Comment by William R. Cumming

July 4, 2010 @ 11:16 am

First apologies to former Governor Mabus. His first name is Ray not Roy.

Second if Phil is correct and he may well be given the non-redelegation provision mentioned then I guess SECNAV is not a full time job and he needs the additional duty. Question is if EO 12148 as amended is still in place and it is frequently cited by both DHS, FEMA, Congress and others, and even though I believe it is no longer an operative order even though never superseded or revoked but IMO superseded by operation of law, e.g. the Homeland Security Act of 2002) then why not the Adminstrator of FEMA and not the SECNAV to be overall coordinator? Perhaps this reflects the real status behind the spin as to Craig Fugates connections to this WH. As we know only the closest connections to the President help one to succeed in domestic civil crisis management situations.

Bottom line is the WH IMO has no idea of the implications of putting a serving SECNAV in charge of this effort which involves heavy science, engineering, community planning, protective action recommendation issuances and of course protective action decisions being issued. And as Phil points out the SECNAV has no help from Navy resources but must coordinate based on this proclamation which cites no legal authority beyond the Presdiential appointment. Note that the Gulf Coast restoration after Katrina failed until the RECOVERY COORDINATOR position made it into the statute books.

Who in the civil agencies thinks a former STATE governor and current SECNAV knows a thing about large scale domestic civil crisis management and response. Well we are about to find out. Oh that’s right the US NAVY is not yet a nuclear navy and still runs largely on fossil fuels. Good luck RAY! I wonder if you asked for this job and WH how exactly did you make this draft choice and what factors were involved?

The people of the US are tired of amateur night and random picks when the only successful domestic disaster crisis management civil system let’s all KNOW in advance who will show up, what is their training and experience, what funding do they have, what logistics systems, what legal authority, what personnel, what other systems and resources!
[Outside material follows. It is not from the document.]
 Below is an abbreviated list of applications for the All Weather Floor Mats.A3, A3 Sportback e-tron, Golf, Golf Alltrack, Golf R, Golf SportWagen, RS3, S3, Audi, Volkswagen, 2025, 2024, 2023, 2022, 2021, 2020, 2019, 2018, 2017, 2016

So let’s get out a quick memo explaining all that for Ray so he has a chance of success. After all we have known for years that yes OIL Can Spill!

Comment by Philip J. Palin

July 4, 2010 @ 3:03 pm

I am not qualified to address the quality of lawyering in the President’s memorandum. But I will defend the selection of former Governor Mabus. As set out in the — potentially poorly crafted — delegation or designation, the task is to,

lead the effort to create a plan of Federal support for the long-term economic and environmental restoration of the Gulf Coast region, in coordination with States, local communities, tribes, people whose livelihoods depend on the Gulf, businesses, conservationists, scientists, and other entities and persons as he deems necessary.
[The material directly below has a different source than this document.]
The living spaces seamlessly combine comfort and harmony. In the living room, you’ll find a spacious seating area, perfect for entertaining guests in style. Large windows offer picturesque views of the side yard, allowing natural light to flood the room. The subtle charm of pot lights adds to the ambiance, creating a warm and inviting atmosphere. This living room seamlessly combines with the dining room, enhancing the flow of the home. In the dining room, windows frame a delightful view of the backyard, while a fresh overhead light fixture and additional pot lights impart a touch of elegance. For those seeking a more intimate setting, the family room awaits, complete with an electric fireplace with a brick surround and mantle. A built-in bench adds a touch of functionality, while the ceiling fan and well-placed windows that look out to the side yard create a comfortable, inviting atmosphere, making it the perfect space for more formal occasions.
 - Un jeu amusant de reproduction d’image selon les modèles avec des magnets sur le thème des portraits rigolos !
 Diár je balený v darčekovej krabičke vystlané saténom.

What I understand is being undertaken is a participation-collaboration-deliberation strategy similar to what I have advocated for many months. I also understand that the “restoration” vision is distinct from what we generally call “recovery” and has nearly nothing to do with the ongoing response. I base this understanding on the language in the President’s memorandum, in related public remarks by the President, and in what I have seen emerging from this administration’s long-term Gulf recovery effort that was launched shortly after his inauguration.
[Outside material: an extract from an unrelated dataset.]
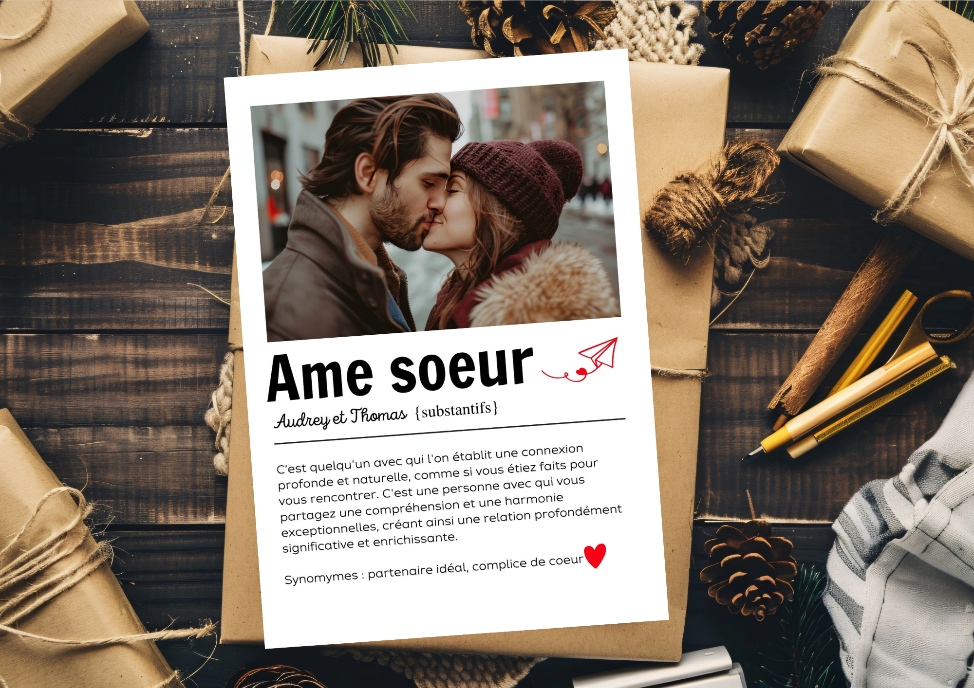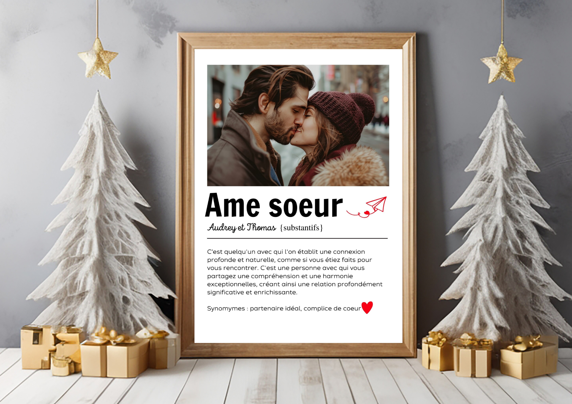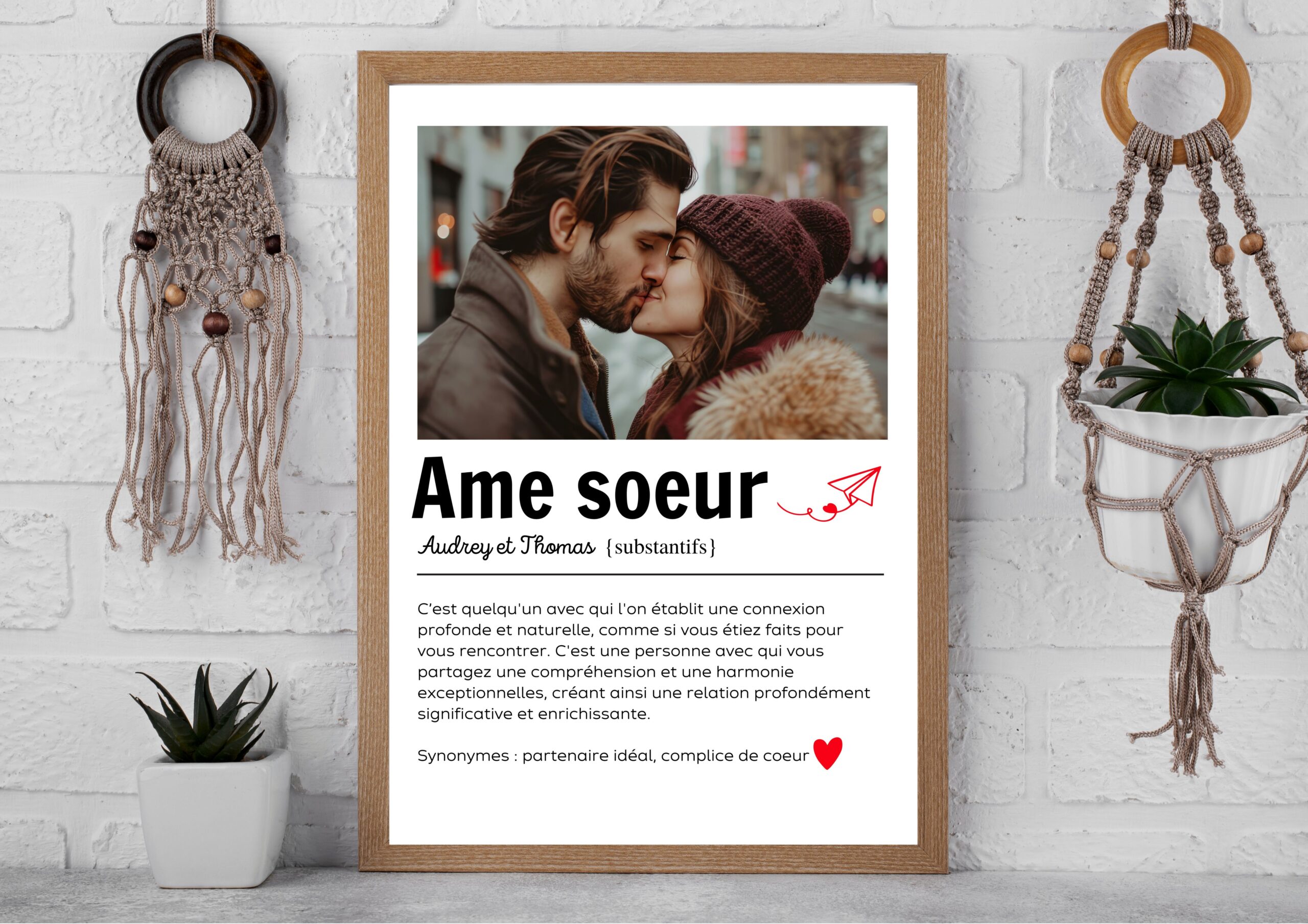 L’affiche « Définition Âme Sœur » est un cadeau parfait pour célébrer la relation unique et précieuse que vous partagez avec votre moitié. Que ce soit pour un anniversaire, la Saint-Valentin, un anniversaire de mariage, ou simplement pour exprimer tout l’amour que vous ressentez, cette affiche capturera l’essence de votre lien indéfectible. Avec un design élégant et romantique, elle symbolise à la fois l’amour profond et l’âme sœur avec qui vous partagez votre vie. Personnalisable avec un message spécial, cette affiche apportera une touche de tendresse et de romantisme à n’importe quel espace de vie.

According to those who claim to know him, Governor Mabus has the listening, networking, and leadership skills to take on the resilience-crafting he has been assigned.

Bill, I will not argue with your critique regarding what we are to make of a SecNav — no matter how qualified — being appointed to this unrelated task. The Navy is going through a major transition for which it needs and deserves the best possible civilian leadership.

But in this case I will admit to some homeland security parochialism. I perceive the White House sees in Mabus a man able to take up the ragged loose ends of the Gulf’s problems and weave resilience. I don’t know if they are right or wrong. But I want to honor the effort and help as I can.

Comment by William R. Cumming

July 5, 2010 @ 5:12 am

A few good men? How about a woman?

Comment by Barham

July 6, 2010 @ 1:48 am

Gentlemen,

The Presidential Memorandum appointing the Secretary of the Navy, Mr. Mabus, to lead recovery of the Gulf states following the Deepwater Horizon disaster, and, to a significant degree, also to complement the ongoing effort ( “The Plan shall take into account resources already available to respond to the oil spill, and complement the on-going oil spill response efforts.” ) has really nothing to do with the claimed “militarization of the federal government” or, more specifically, its disaster management activities. In reality, it is a rather poorly constructed, and slightly chaotic directive that appoints, for a rather unfathomable reason, the secretary of a military service to a task for which neither that service, nor the resources it commands, are particularly suitable.

Frankly, once the decision was made to delegate the responsibility for recovery planning to a military service, the appointment of the Secretary of the Army, the branch of US military with the largest experience in post disaster operations, related logistics, and an indisputably well developed and practiced capability for long range planning of relevant activities, community building, etc., all supported by the ideally suited materiel resources, would be far more appropriate. However, considering the current involvement of the Army in other major operations, the President might have chosen not to burden the Secretary of the Army with another complex task detracting from activities conducted elsewhere. Thus, the NAVSEC “received the nod” – after all, even with lesser experience, USN and the Marine Corps (under the civilian control of the NAVSEC) proved to be impressively capable on several occasions when involved in often very complex recovery operations.

Despite rather offhanded rejection of naval capabilities in structuring the post-spill recovery process by one of the correspondents (WC), it has to be pointed out that the Navy has an excellent and demonstrated record of intellectual and practical capabilities in “heavy science, engineering, community planning, protective action recommendation issuances and of course protective action decisions being issued.” With the tenets of jointness permeating interactions among individual services of the US, the Navy will be able to draw extensively on the expertise within sister services as well. The fears of Mr. Cumming that USN shall not be able to meet the challenge appear groundless, and voicing them in the manner they are presented represents a highly subjective, maybe even self-serving, approach by someone who rejects participation of the military in disaster operations as a matter of principle.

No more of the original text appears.